The cooling air sweeps along the ribs 5a and is heated in the process. So that the heated air does not mix with the ambient air at will, but only with mixed with the air sucked in by the rotor 6, the motor is conductive with a flow Sheath 16 surrounded by heat insulating material. The sheath 16 conducts the sucked in air with little loss through the opening of the bell 7 into the heat-insulated Immersion tube 3 (arrows 17).

The rotor 6 has above and below a flow-favorable in radial section designed wheel disk 11 blades, of which the upper (12) air and the lower (13) convey liquid. The blades 13 of the liquid side and the blades 8 of the gas side arranged congruently with them extend radially beyond the outer contour of the wheel disc.

At least in the area protruding over the wheel disc are the Liquid scoops are arranged and form congruent with the air scoops to a certain extent uniform blades in this area.

As a result of the rotation of the rotor, the lower blading occurs 13 axially sucked in liquid (arrow 14), accelerated in the rotor and radially in one Plate flow (arrows 15) ejected from the rotor. When the liquid is swept by on the outer edge of the wheel disk 11 is - supported by the conveying effect of Air scoop 12 and the cooling fan wheel 9 - from the immersion tube 3 air by injector effect sucked in and dispersed with the liquid in fine bubbles.

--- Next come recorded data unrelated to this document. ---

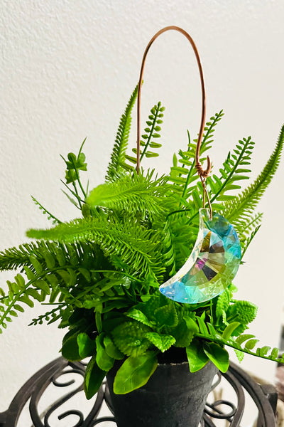 These are hand formed copper plant/garden stakes handcrafted with copper wire adorned with a hanging cut glass moon crystal approx 2" x 1".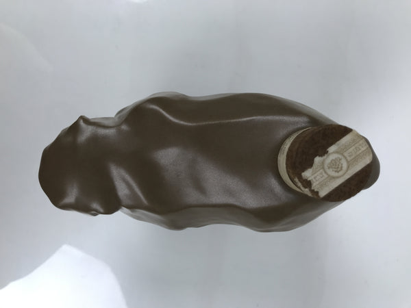 This is a vintage Japanese empty whisky bottle shaped like a monkey. A monkey is one of the Chinese zodiac signs, and zodiac animal statues are a lucky charm displayed at the end of the year and the beginning of the new year. It is matte brown, and has a cork on the top and a sticker around the spout.
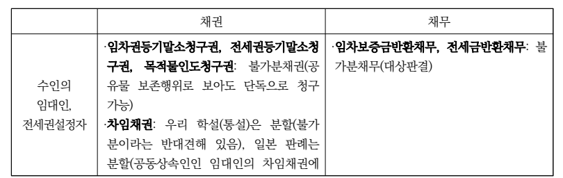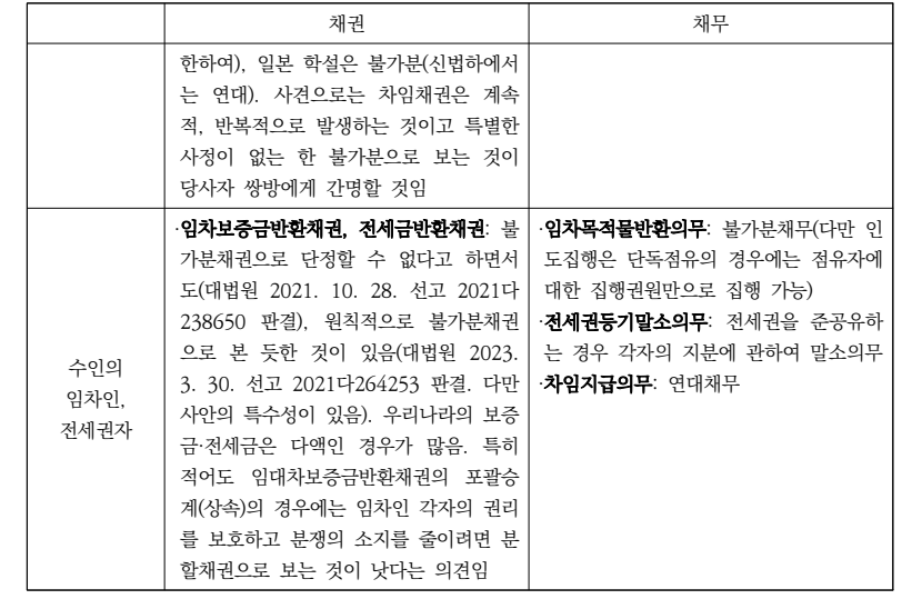 ㈏ 임대인 지위를 공동으로 승계한 공동임대인의 임차보증금반환채무가 불가분채무라는 판례(대법원 2021. 1. 28. 선고 2015다59801 판결, 대법원 2024. 8. 1. 선고 2023다318857 판결)

So that the dispersed air bubbles get as much of their oxygen as possible to the liquid, the air is preheated by the waste heat from the engine as well as a further transport of the absorbed heat with as little loss as possible up to the Dispersion point provided. Due to the direct contact with the heated air the dispersed air cools down with the liquid.

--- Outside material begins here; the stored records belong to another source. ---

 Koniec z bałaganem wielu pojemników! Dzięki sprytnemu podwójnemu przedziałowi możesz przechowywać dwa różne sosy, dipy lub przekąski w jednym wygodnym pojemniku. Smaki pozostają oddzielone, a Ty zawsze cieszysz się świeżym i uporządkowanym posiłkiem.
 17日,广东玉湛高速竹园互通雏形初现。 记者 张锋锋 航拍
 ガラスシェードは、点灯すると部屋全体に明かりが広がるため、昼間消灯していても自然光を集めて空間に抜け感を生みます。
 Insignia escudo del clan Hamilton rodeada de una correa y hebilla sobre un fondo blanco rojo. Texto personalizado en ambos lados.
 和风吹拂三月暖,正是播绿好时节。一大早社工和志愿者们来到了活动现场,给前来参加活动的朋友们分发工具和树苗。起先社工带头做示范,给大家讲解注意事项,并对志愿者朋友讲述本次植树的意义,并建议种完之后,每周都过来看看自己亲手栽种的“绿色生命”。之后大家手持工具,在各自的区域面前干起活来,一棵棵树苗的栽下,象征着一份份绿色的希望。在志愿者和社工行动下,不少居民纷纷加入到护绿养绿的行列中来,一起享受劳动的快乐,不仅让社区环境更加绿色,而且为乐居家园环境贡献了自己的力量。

This creates particularly favorable conditions for good oxygen transfer created. To avoid the sucked in air already in the rotor 6 contact to cool with it, the rotor can also be made of a heat-insulating material, at least on the air side Material, e.g. B. made of plastic or hard ceramic. Are as far as possible also to avoid all cold bridges to the outside world or to the liquid. the Heating in the shaft bearing 18 acts as a cold input via the webs 19 on the part of the Rotor against the shaft end.

Claims (6)

Device for gassing liquid with a completely immersed in the liquid. promotional rotor that is on the Side facing the liquid level via a dip tube gas, preferably air, and on the opposite side of the rotor, liquid from the vicinity of the rotor sucks in and disperses both media at the rotor outlet, characterized in that that the gas to be introduced into the liquid is at least slightly, preferably until it is preheated above the liquid temperature. 2. Device according to claim 1 with one - at least indirectly - gas-cooled drive motor, preferably with an electric motor for the drive of the rotor, characterized in that the preheating at least partially through the waste heat from the drive motor (5) takes place. 3. Device according to claim 1 or 2 with an electric motor, characterized characterized in that the motor (5) is in a tube casing that merges into the immersion tube (3) (16) is arranged from preferably heat-insulating material. 4. Device according to claim 3 with a cooling fan wheel on the electric motor, characterized in that the cooling fan flow (10) in the direction of the rotor (6) is designed pointing. 5. Device according to claim 3 or 4, characterized in that the gas guide in the area of the pipe casing (16) is designed with as little loss as possible is. 6. Device according to a preceding claim, characterized in that that the dip tube (3) is preferably thermally insulated on its inside (Insulation 3a).